REQUIREMENT: Pictures must not appear in the copy. Restate exactly the lines below from the one with "在一個減少發(fā)話方和受" through the one with "Другой известный способ", inclusive.

Records excerpted from a collection:
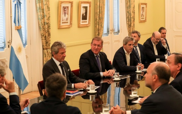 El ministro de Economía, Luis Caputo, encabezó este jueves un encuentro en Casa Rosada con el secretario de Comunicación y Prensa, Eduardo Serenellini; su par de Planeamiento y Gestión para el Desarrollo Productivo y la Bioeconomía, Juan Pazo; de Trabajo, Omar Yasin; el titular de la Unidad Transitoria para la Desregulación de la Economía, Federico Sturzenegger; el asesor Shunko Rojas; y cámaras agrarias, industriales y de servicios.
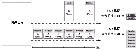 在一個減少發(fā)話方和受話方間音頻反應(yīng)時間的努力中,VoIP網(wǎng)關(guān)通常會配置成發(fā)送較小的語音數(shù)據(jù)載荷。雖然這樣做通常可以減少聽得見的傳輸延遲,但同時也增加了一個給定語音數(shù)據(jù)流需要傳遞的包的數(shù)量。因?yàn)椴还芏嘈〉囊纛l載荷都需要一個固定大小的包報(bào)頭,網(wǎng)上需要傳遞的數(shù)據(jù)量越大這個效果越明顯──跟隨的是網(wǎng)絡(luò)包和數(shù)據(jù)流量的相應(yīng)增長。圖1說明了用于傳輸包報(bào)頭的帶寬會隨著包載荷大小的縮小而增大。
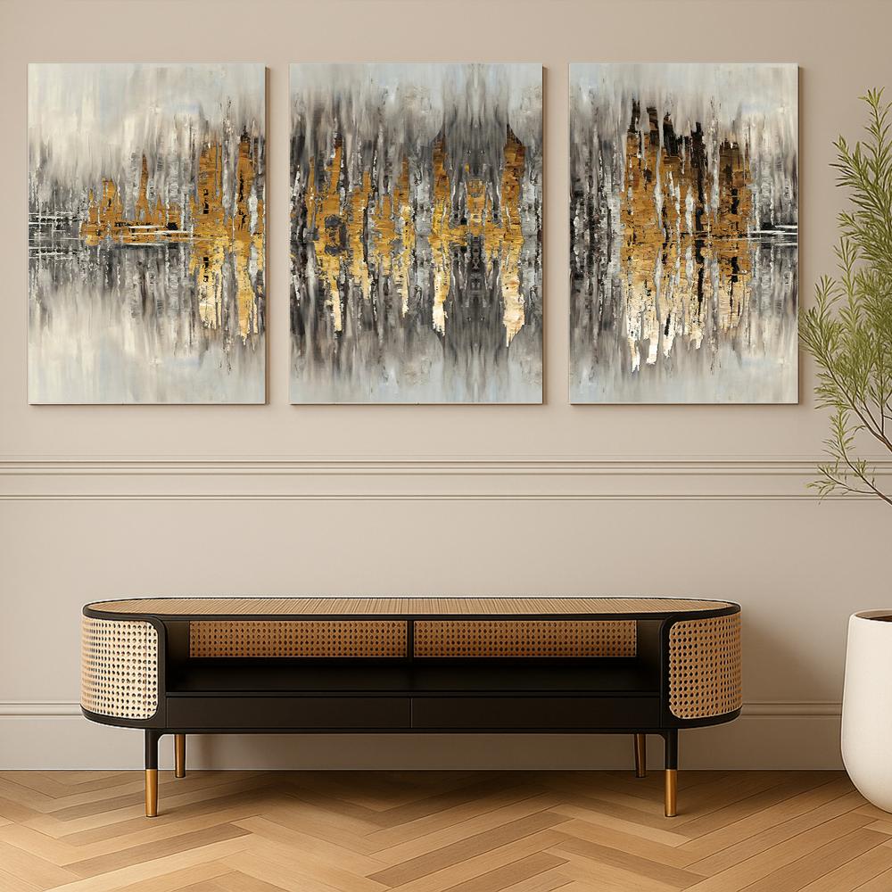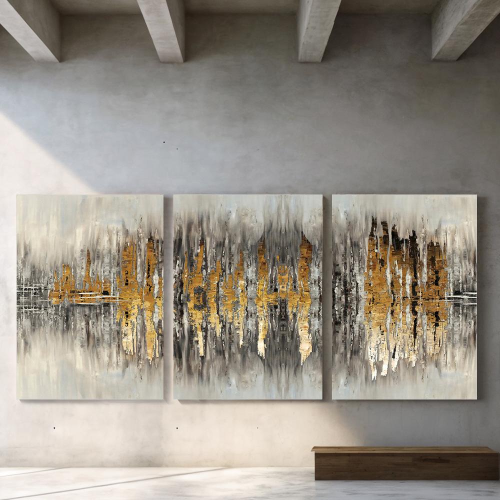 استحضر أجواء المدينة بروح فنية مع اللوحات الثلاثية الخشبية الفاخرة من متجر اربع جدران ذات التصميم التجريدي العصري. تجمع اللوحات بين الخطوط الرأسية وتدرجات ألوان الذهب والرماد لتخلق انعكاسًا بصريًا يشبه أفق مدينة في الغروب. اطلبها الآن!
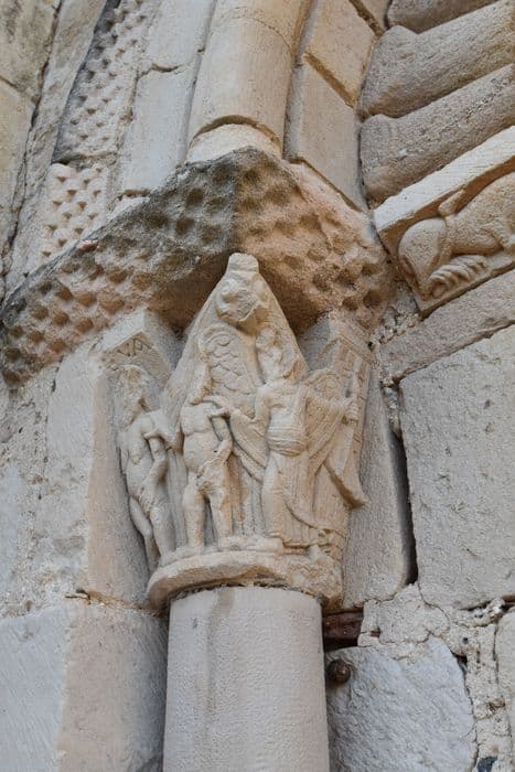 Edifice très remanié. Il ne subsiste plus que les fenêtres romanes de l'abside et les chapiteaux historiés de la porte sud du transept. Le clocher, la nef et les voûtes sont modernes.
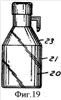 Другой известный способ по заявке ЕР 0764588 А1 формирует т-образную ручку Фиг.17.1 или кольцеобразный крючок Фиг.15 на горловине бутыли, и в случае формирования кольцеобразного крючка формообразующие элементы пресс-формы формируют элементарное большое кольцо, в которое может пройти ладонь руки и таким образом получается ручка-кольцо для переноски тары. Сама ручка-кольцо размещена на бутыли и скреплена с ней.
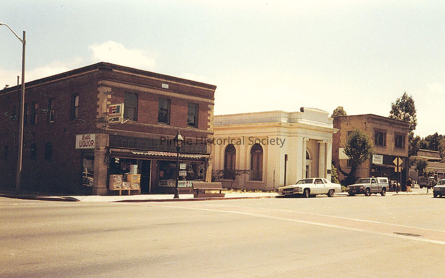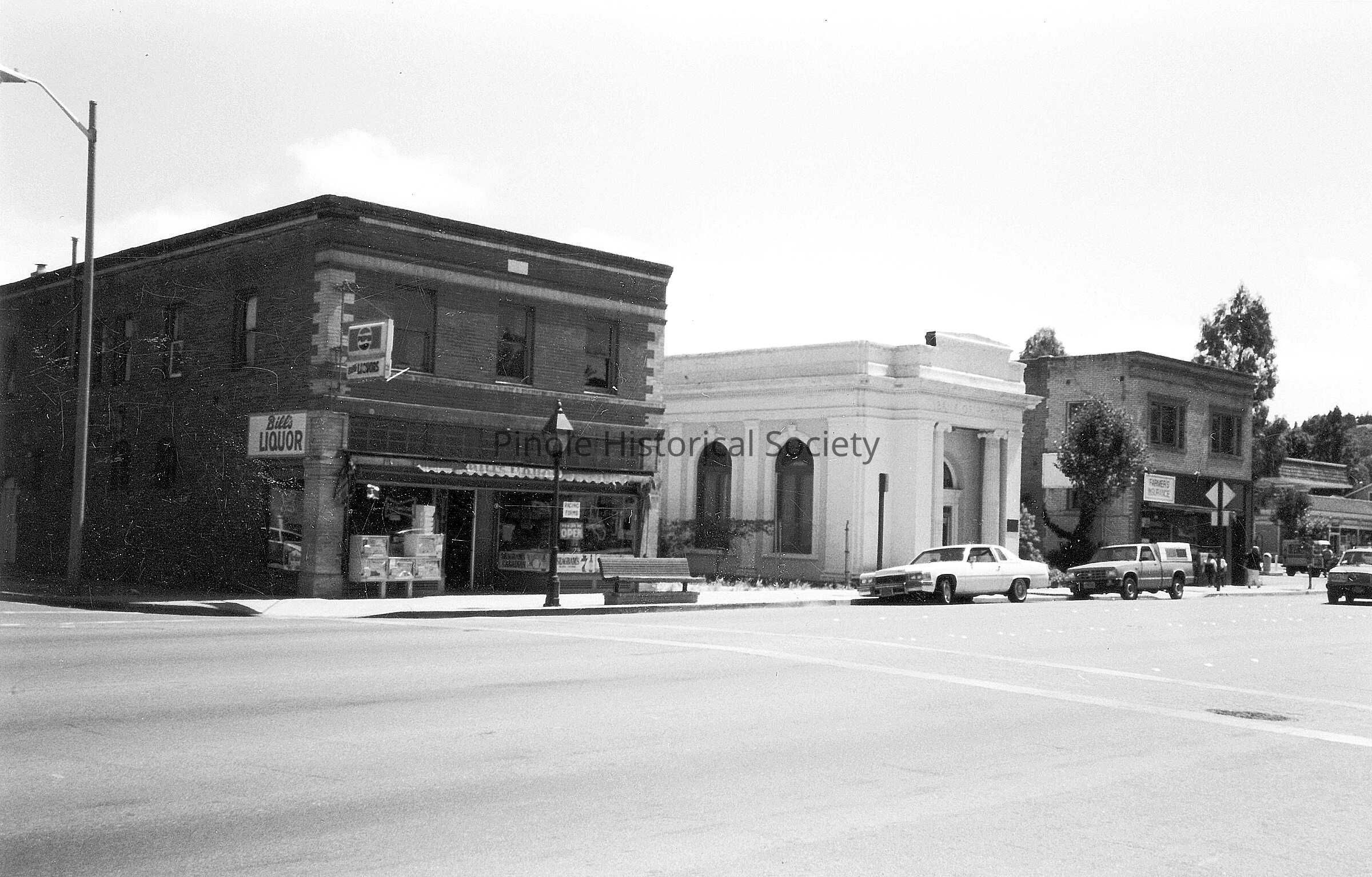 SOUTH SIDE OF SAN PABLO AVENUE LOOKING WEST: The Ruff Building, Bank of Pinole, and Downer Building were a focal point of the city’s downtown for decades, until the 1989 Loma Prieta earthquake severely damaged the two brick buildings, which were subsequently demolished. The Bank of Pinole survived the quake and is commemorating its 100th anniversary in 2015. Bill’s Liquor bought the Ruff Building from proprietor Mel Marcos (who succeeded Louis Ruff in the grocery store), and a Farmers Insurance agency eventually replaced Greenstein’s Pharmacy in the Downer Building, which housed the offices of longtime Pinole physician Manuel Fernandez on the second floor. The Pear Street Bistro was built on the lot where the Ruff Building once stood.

SOLUTION:
 在一個減少發(fā)話方和受話方間音頻反應(yīng)時間的努力中,VoIP網(wǎng)關(guān)通常會配置成發(fā)送較小的語音數(shù)據(jù)載荷。雖然這樣做通常可以減少聽得見的傳輸延遲,但同時也增加了一個給定語音數(shù)據(jù)流需要傳遞的包的數(shù)量。因?yàn)椴还芏嘈〉囊纛l載荷都需要一個固定大小的包報(bào)頭,網(wǎng)上需要傳遞的數(shù)據(jù)量越大這個效果越明顯──跟隨的是網(wǎng)絡(luò)包和數(shù)據(jù)流量的相應(yīng)增長。圖1說明了用于傳輸包報(bào)頭的帶寬會隨著包載荷大小的縮小而增大。
 استحضر أجواء المدينة بروح فنية مع اللوحات الثلاثية الخشبية الفاخرة من متجر اربع جدران ذات التصميم التجريدي العصري. تجمع اللوحات بين الخطوط الرأسية وتدرجات ألوان الذهب والرماد لتخلق انعكاسًا بصريًا يشبه أفق مدينة في الغروب. اطلبها الآن!
 Edifice très remanié. Il ne subsiste plus que les fenêtres romanes de l'abside et les chapiteaux historiés de la porte sud du transept. Le clocher, la nef et les voûtes sont modernes.
 Другой известный способ по заявке ЕР 0764588 А1 формирует т-образную ручку Фиг.17.1 или кольцеобразный крючок Фиг.15 на горловине бутыли, и в случае формирования кольцеобразного крючка формообразующие элементы пресс-формы формируют элементарное большое кольцо, в которое может пройти ладонь руки и таким образом получается ручка-кольцо для переноски тары. Сама ручка-кольцо размещена на бутыли и скреплена с ней.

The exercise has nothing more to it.